The Squonk One day I will make myself so arbitrarily small that even the snow fleas, congregate in a gully, will miss my tracks. Not nothing, but close— like the squonk who, racing moonlight in the lumberwood, is desperate to avoid sightlines. Good hunters can follow the squonk’s trail, track it to its natural, watery conclusion. I am not a good hunter, though once I held a Ruger rifle against my shoulder blade— this making me a man. I’ve got no finger for shooting game, but I have an ear for birdsong: Sam Peabody and yank-yank; the dee-dee of a busybody chickadee; who-cooks-for-you coming from the fence post on the glen—that’s my understanding of the natural world. Perhaps it is good to be a poet, to give physical form to the open mouth of a titmouse delivering tell-offs; a starling imitating a car alarm. Still, I struggle with the squonk (the language of the imperceptible is silence). Unlike the songbird, or a nebby squirrel, it cannot be coaxed into the open with a handful of suet, so I learn to speak its favorite word— which is no word—as it bolts for cover in the Clear Creek Forest.
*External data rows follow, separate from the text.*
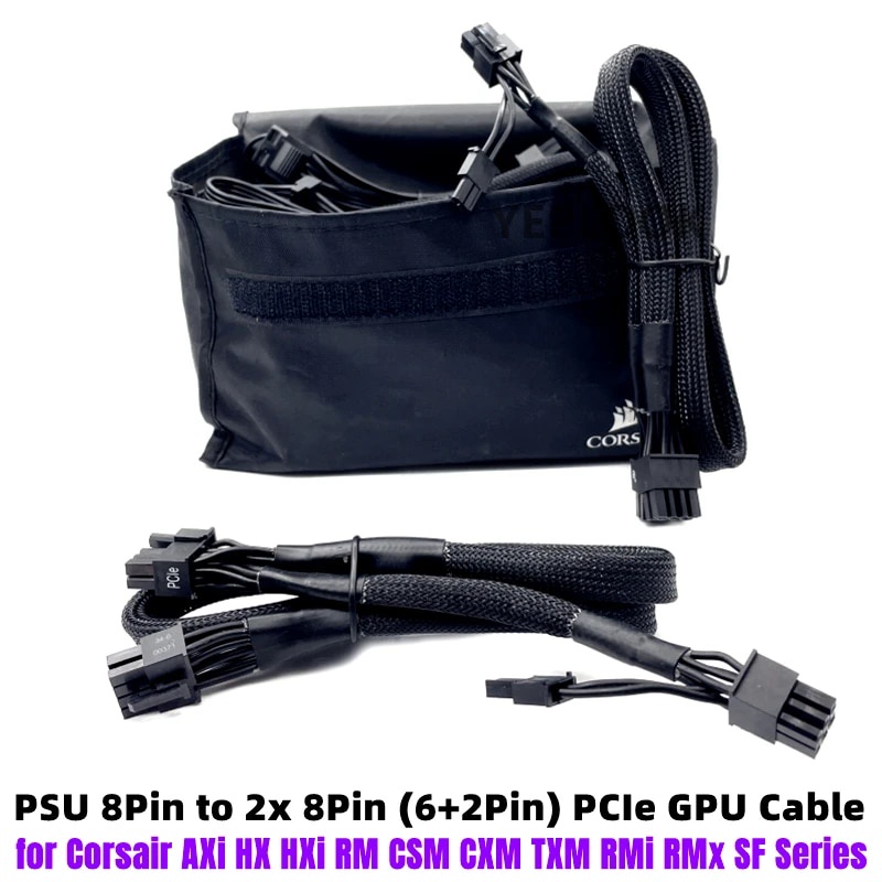 Genuine Corsair SF450 SF600 SF750 Modular PSU 8Pin to PCI-e Dual 8Pin 6+2Pin Sleeving GPU Graphic Card Power Cable 60+20CM 18AWG
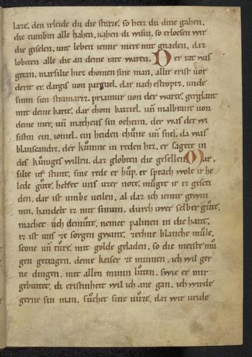 | Keywords: Pfaffe Konrad - Rolandslied - cod. pal. germ. 112 - 017.jpg  Pfaffe Konrad - Rolandslied - cod pal germ 112 - jpg 016 018 Rolandslied des Pfaffen Konrad à bersetzung bzw Bearbeitung der altfranzösischen Chanson de Roland um 1100 Blatt 8r Pfaffe Konrad Rolandslied Pergament 123 Blatt 21x15 cm Regensburg/Hessen-Thüringen Ende 12 Jahrhundert Cod pal germ 112 Universitätsbibliothek Heidelberg http //diglit ub uni-heidelberg de/diglit/cpg112 century 12 Pfaffe Konrad PD-old Rolandslied Cod Pal germ 112 |
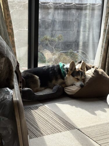リビングの日向とクッションをこぎん太さんに占領されています💦
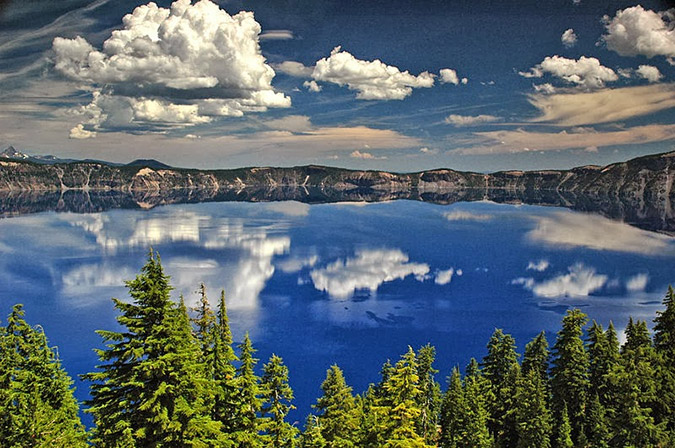 Βρίσκεται στην πολιτεία του Όρεγκον και είναι διάσημη για το βαθύ μπλε χρώμα και τα καθαρά νερά της. Κανένας ποταμός δεν ρέει προς ή από τη λίμνη ενώ το νερό που εξατμίζεται αναπληρώνεται από τις βροχοπτώσεις με τέτοιο ρυθμό ώστε τα νερά της λίμνης να ανανεώνονται κάθε 250 χρόνια.
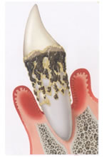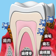 【歯周病】 歯垢(プラーク)の中の歯周病菌が、歯ぐき(歯肉)に炎症をおこしたり、歯根膜や歯槽骨を溶かしてしまう病気。 歯垢は歯の表面につく白いネバネバした物質で、この中に細菌がすみついている。 手抜き歯みがきや不規則な食生活などが歯垢の増える原因に。 |

Legend has it that once, near Mont Alto, a young man captured a squonk by mimicking its pleading call, coaxed it into a bag—the man suddenly found his burden lightened when the creature, having been seen in its true form, at once dissolved into a pool of tears. Perhaps it is not a good thing to be a poet, carrying a whole lot of nothing in my gathering bag. I wonder: who are you that longs to be perceived? Who are you that is devastated by it?
Things I Tell Colleen The Virginia opossum was admitted for severe burns caused by a third alarm house fire that barely grazed the surface of the morning news. Carelessness, intention— the fire’s cause matters zip to the opossum who was delivered to the rescue center with eleven joeys clinging to the blistered fur of her back, like a life loaded up with sick aunts, lunchbox duty, scribbled notes from a brother— all of us attached to these clutching, sacred things. Fire is fire to all animals. Destruction is—whether a match was struck with purpose or neglect. I think not infrequently about this nameless opossum, about a den gone up in sudden flames and the deep burnt patch beneath her eye, her paws gauzed, patched and gently held at the emergency clinic for wildlife. Perhaps there is still time to change. I did not light those rafters ablaze, but all the same, I hold a single lamp to the floorboards of my life—beneath each one, a peep, a squonk, a potential lodge that in my indifference I have overlooked. I must be more than these days of single focus, unattentive, stumbling recklessly in the rapid dark.
From the author: These poems are both from my current manuscript, which addresses environmental crisis in the Ohio River Valley. I’m interested in perception of the natural world: what is perceived, and for what purpose. Yet as Ada Limón reminds us about perception, the animal “never cares what you need when you’re watching.” That’s largely the tension between these poems. And while the squonk is—likely—a mythical creature, the opossum in “Things I Tell Colleen” is very real, and was cared for at the Center for Wildlife.
Samantha DeFlitch is the author of Confluence (Broadstone Books, 2021). Her work has appeared in The Missouri Review, Colorado Review, Iron Horse Literary Review, Appalachian Review, and elsewhere. She has received support from Bread Loaf Environmental Writers Conference, the Martha’s Vineyard Institute of Creative Writing, the Artist Residency at Hog Island, and the University of New Hampshire. She lives in New Hampshire.